1. ## fermat's little thm

compute the remainder when 2^(2^17) + 1 = 19

that + 1 is really throwing me off... I don't know how to deal with it.

2. Originally Posted by Coda202
compute the remainder when 2^(2^17) + 1 = 19

that + 1 is really throwing me off... I don't know how to deal with it.
I assume you want to find the remainder of $2^{2^{17}}+1$ modulo $19$.

By the division algorithm we can write $2^{17} = 18q + r$ where $0\leq r < 18$.
But then, $2^{2^{17}} = 2^{18q + r} = \left( 2^{18} \right)^q \cdot 2^r \equiv 2^r (\bmod 19)$.

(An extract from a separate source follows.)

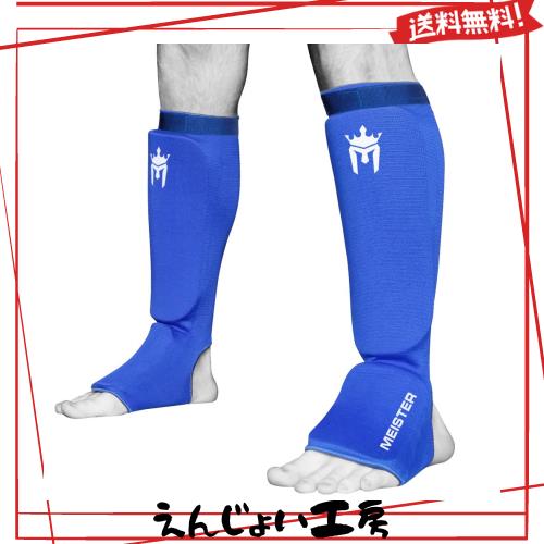 MMA キックボクシング 正規品 Meister レガース エラスティックパッド レッグガード(ペア) - 青 - Small/Medium

To find the remainder $r$ we need to simplify $2^{17}$ modulo $18$.
First, $2^{\phi(9)} \equiv 1(\bmod 9) \implies 2^6\equiv 1(\bmod 9) \implies 4\cdot 2^{16} \equiv 1(\bmod 9)$.
Multiply both sides by seven to get, $2^{16}\equiv 7(\bmod 9) \implies 2^{17}\equiv 14(\bmod 18)$.

Therefore, $2^{2^{17}}\equiv 2^{14} (\bmod 19)$.

Now, $16\cdot 2^{14}\equiv 1(\bmod 19)$ by Fermat's little theorem.
Since $16\cdot 6\equiv 1(\bmod 19)$ we see that $2^{14} \equiv 6(\bmod 19)$.

But this is remainder of only $2^{2^{17}}$ if you want to find remainder of $2^{2^{17}}+1$ just add 1.